**Material for this exercise**
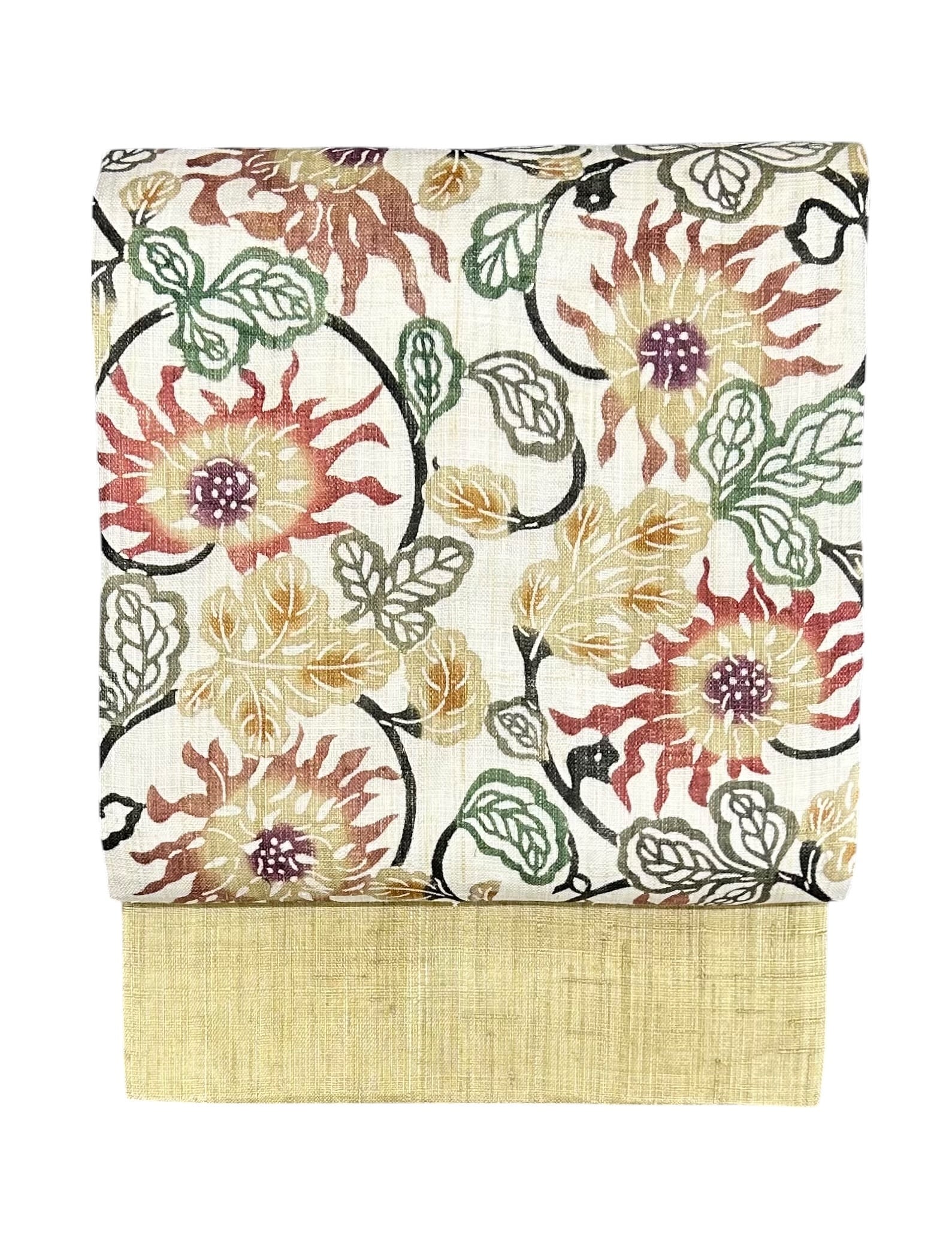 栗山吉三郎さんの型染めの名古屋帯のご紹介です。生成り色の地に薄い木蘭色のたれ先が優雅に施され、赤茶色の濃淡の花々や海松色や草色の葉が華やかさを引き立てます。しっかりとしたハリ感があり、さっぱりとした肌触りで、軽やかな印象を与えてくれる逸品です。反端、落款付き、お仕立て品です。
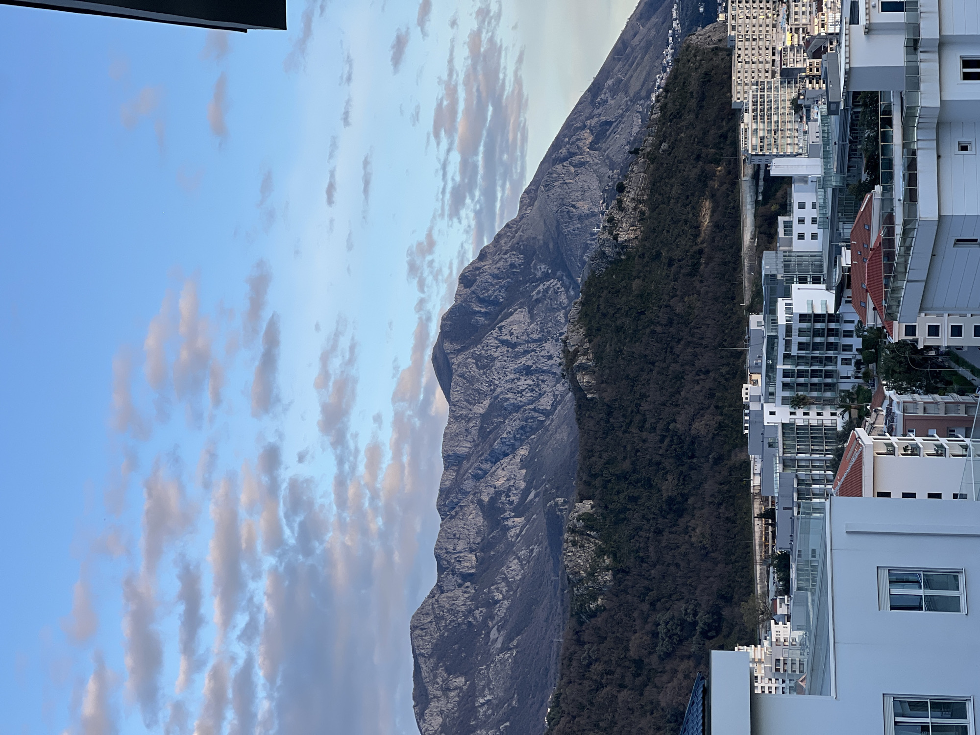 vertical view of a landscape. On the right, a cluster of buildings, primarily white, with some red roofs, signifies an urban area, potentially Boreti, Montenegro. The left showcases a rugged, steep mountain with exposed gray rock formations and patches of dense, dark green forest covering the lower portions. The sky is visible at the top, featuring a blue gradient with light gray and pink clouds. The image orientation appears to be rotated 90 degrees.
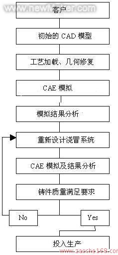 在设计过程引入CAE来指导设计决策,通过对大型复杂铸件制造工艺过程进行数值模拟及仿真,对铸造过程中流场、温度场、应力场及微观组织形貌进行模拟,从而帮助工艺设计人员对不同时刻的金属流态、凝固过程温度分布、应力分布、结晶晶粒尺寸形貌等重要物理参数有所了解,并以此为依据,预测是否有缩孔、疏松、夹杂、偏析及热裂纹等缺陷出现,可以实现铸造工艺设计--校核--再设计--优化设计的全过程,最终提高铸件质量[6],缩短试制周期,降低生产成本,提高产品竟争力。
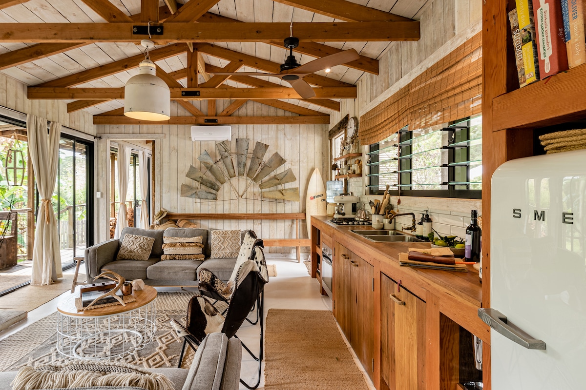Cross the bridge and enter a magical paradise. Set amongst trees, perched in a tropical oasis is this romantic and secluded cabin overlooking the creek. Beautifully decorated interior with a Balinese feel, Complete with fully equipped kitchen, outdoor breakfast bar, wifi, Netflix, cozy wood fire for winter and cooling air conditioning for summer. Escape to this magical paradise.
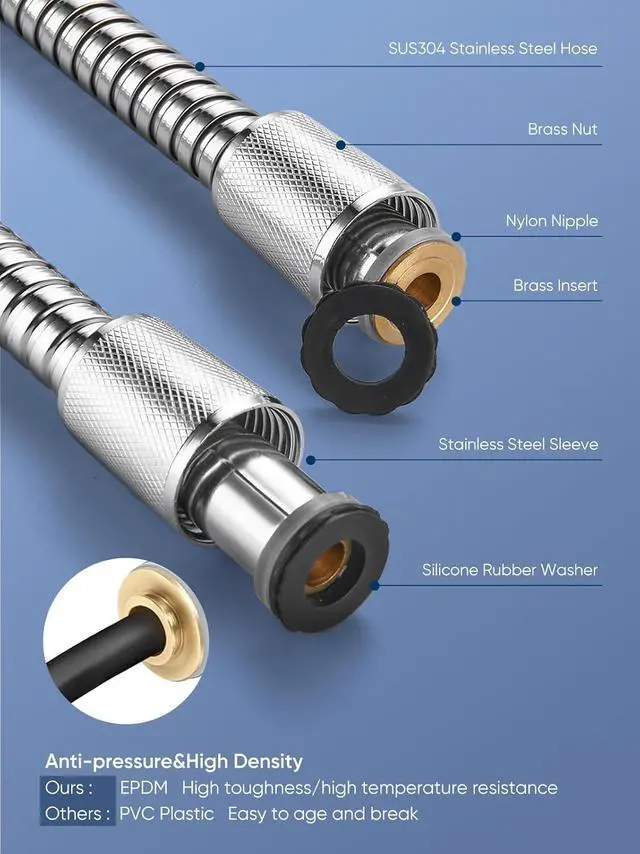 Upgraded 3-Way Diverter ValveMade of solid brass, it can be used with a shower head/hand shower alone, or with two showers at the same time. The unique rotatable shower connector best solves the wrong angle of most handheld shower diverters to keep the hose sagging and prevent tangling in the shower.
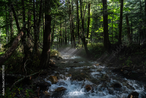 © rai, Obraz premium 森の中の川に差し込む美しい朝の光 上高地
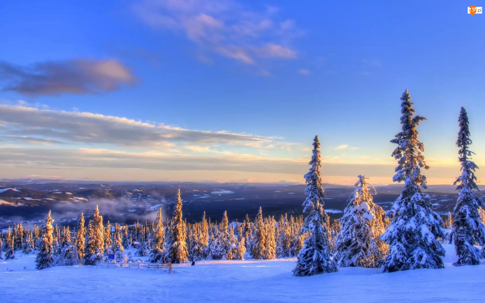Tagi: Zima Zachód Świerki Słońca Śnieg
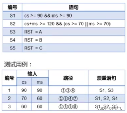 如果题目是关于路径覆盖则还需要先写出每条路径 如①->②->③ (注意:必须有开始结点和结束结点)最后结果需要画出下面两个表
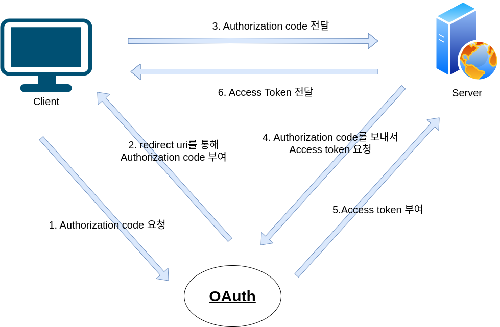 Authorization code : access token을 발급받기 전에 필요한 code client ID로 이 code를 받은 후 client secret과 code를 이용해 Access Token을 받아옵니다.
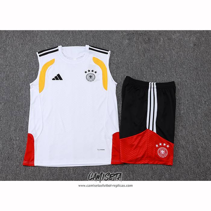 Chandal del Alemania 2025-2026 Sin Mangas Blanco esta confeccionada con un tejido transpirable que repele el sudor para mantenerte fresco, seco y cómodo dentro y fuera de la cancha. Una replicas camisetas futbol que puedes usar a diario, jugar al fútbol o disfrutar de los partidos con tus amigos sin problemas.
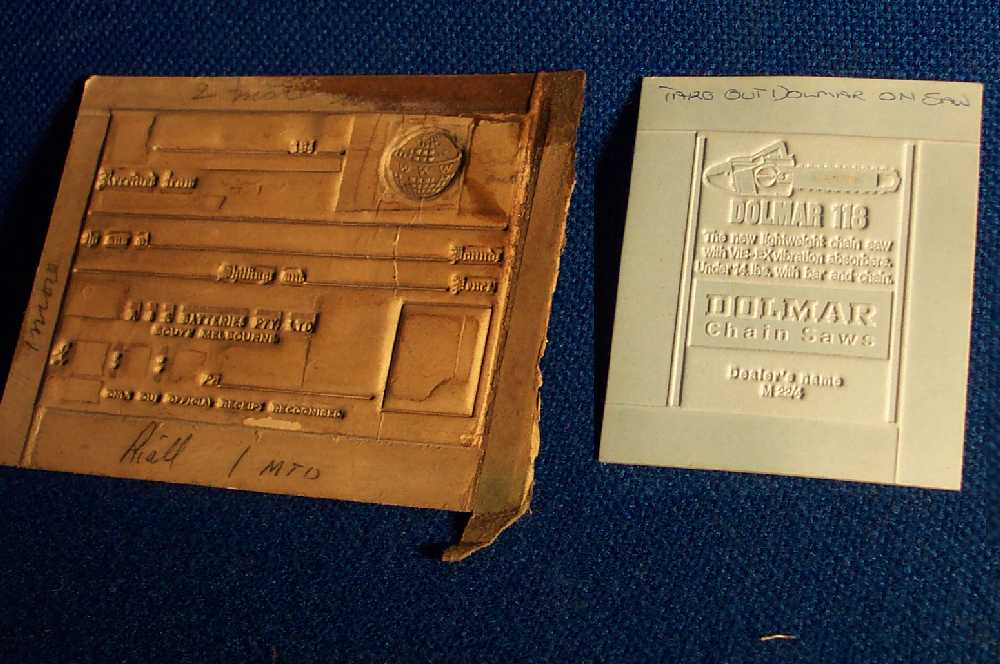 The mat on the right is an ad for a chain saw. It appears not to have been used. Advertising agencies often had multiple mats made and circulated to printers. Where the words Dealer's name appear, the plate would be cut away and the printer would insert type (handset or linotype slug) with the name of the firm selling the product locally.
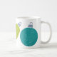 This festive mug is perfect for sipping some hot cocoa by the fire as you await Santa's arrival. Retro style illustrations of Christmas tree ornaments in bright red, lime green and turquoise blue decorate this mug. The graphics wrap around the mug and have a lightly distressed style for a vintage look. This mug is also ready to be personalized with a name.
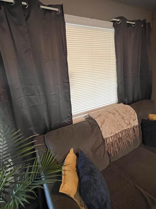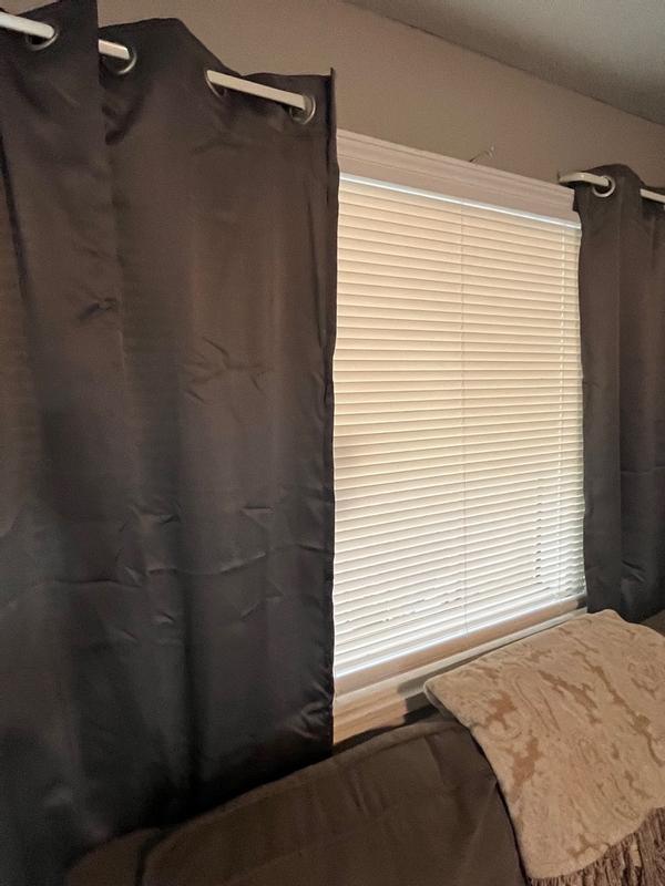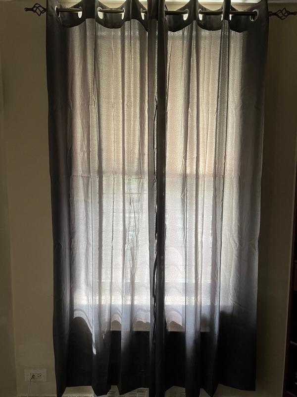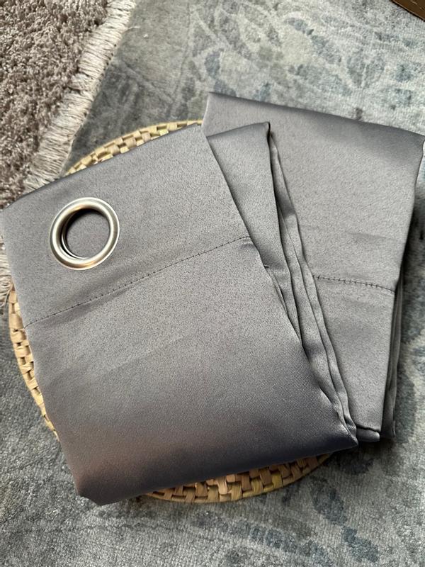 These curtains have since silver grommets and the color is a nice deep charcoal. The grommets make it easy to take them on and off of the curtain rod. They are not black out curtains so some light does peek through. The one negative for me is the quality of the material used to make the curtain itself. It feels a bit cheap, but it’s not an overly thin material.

**What is expected**
Only one part of the listing is wanted: the lines from the one containing "premium 森の中の川に差し込む美しい朝の光 上高地" through the one containing "This festive mug", both included. Please transcribe it exactly, leaving out the pictures.

**Output for this task**
 © rai, Obraz premium 森の中の川に差し込む美しい朝の光 上高地
Tagi: Zima Zachód Świerki Słońca Śnieg
 如果题目是关于路径覆盖则还需要先写出每条路径 如①->②->③ (注意:必须有开始结点和结束结点)最后结果需要画出下面两个表
 Authorization code : access token을 발급받기 전에 필요한 code client ID로 이 code를 받은 후 client secret과 code를 이용해 Access Token을 받아옵니다.
 Chandal del Alemania 2025-2026 Sin Mangas Blanco esta confeccionada con un tejido transpirable que repele el sudor para mantenerte fresco, seco y cómodo dentro y fuera de la cancha. Una replicas camisetas futbol que puedes usar a diario, jugar al fútbol o disfrutar de los partidos con tus amigos sin problemas.
 The mat on the right is an ad for a chain saw. It appears not to have been used. Advertising agencies often had multiple mats made and circulated to printers. Where the words Dealer's name appear, the plate would be cut away and the printer would insert type (handset or linotype slug) with the name of the firm selling the product locally.
 This festive mug is perfect for sipping some hot cocoa by the fire as you await Santa's arrival. Retro style illustrations of Christmas tree ornaments in bright red, lime green and turquoise blue decorate this mug. The graphics wrap around the mug and have a lightly distressed style for a vintage look. This mug is also ready to be personalized with a name.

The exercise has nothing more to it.